Pilihlah makanan bergizi seimbang seperti kurma, buah-buahan, sup, dan nasi merah untuk mengembalikan energi tubuh.

3# Konsultasi ke dokter

Konsultasikan dengan dokter atau bidan untuk memastikan kondisi kesehatan ibu dan bayi aman untuk berpuasa. Dokter akan membantu menilai apakah ibu memiliki kondisi yang mengharuskan menunda puasa.

4# Cukupi kebutuhan air putih harian

Air putih sangat mempengaruhi kelancaran produksi ASI. Untuk itu, Moms harus minum air putih minimal 8 gelas di malam hari.

5# Perhatikan tanda dehidrasi

Ibu menyusui lebih berisiko mengalami dehidrasi. Jika moms merasa haus berlebihan, mulut kering, urin berwarna gelap, dan pusing, segera minum air putih. Karena kondisi tersebut adalah tanda-tanda dehidrasi

6# Istirahat yang cukup dan hindari aktivitas berat

Tubuh ibu membutuhkan lebih banyak energi saat menyusui. Jadi pastikan moms mendapatkan waktu tidur yang cukup untuk menjaga stamina.

Selain itu, di siang hari ada baiknya moms menghindari aktivitas fisik yang berat dan berisiko menyebabkan kelelahan.

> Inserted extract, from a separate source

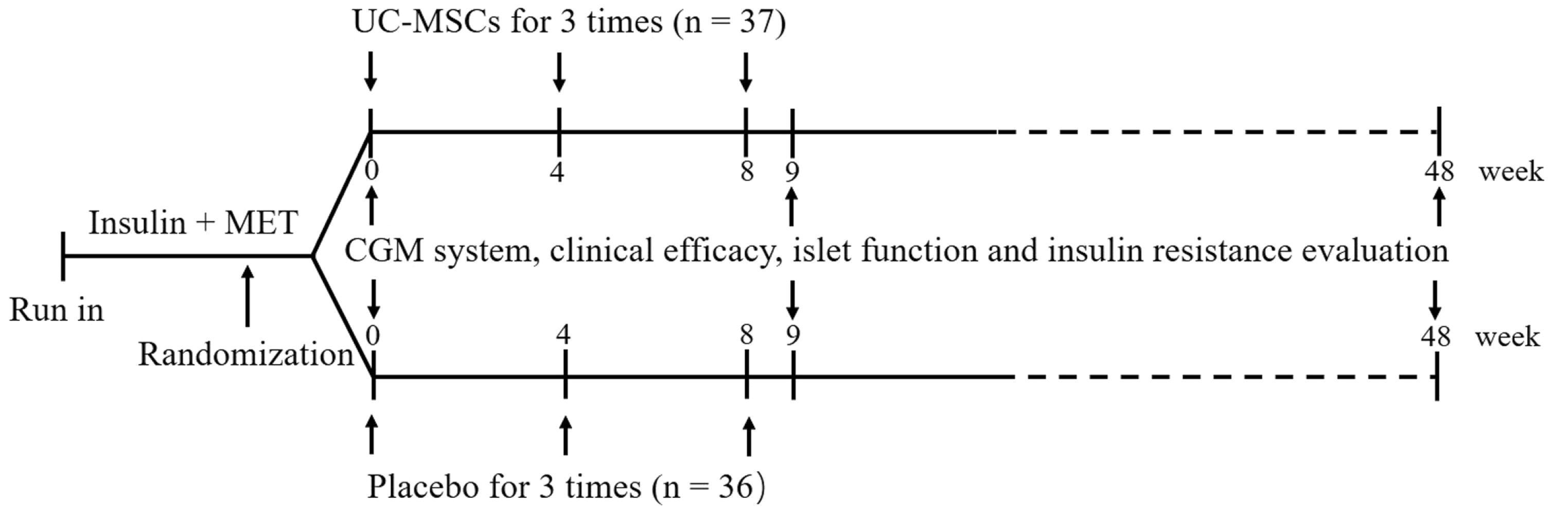 間充質(zhì)干細(xì)胞移植是治療糖尿病的一種有前途的臨床策略,通過促進(jìn)胰島β細(xì)胞功能和減輕胰島素抵抗來改善高血糖。我們之前的前瞻性、單中心、隨機(jī)、雙盲、安慰劑對照試驗(yàn)表明,通過靜脈輸注臍帶間充質(zhì)干細(xì)胞(UC-MSC)是一種安全有效的方法,可以減少外源性胰島素需求并減輕T2D患者的胰島素抵抗。因此,在這項(xiàng)單中心、雙盲、隨機(jī)、安慰劑對照試驗(yàn)中,我們使用連續(xù)血糖監(jiān)測來研究臍帶間充質(zhì)干細(xì)胞對中國成人2型糖尿病的療效。

7# Perhatikan kondisi si kecil

Pantau kondisi si kecil selama moms berpuasa. Apalagi jika masih ASI ekslusif. Apabila si kecil menunjukkan tanda-tanda dehidrasi seperti popok jarang basah, menangis tanpa air mata, dan tampak lemas, segera konsultasikan dengan dokter.

Penutup

Dikutip dari laman NU Online, bagi seorang ibu yang sedang menyusui bayi diperbolehkan untuk tidak berpuasa ramadan. Apalagi jika kondisi ibu dan si kecil tidak memungkinkan untuk puasa. Jadi apabila ibu merasa lemas, pusing, dan mengalami tanda-tanda dehidrasi, segera batalkan puasa.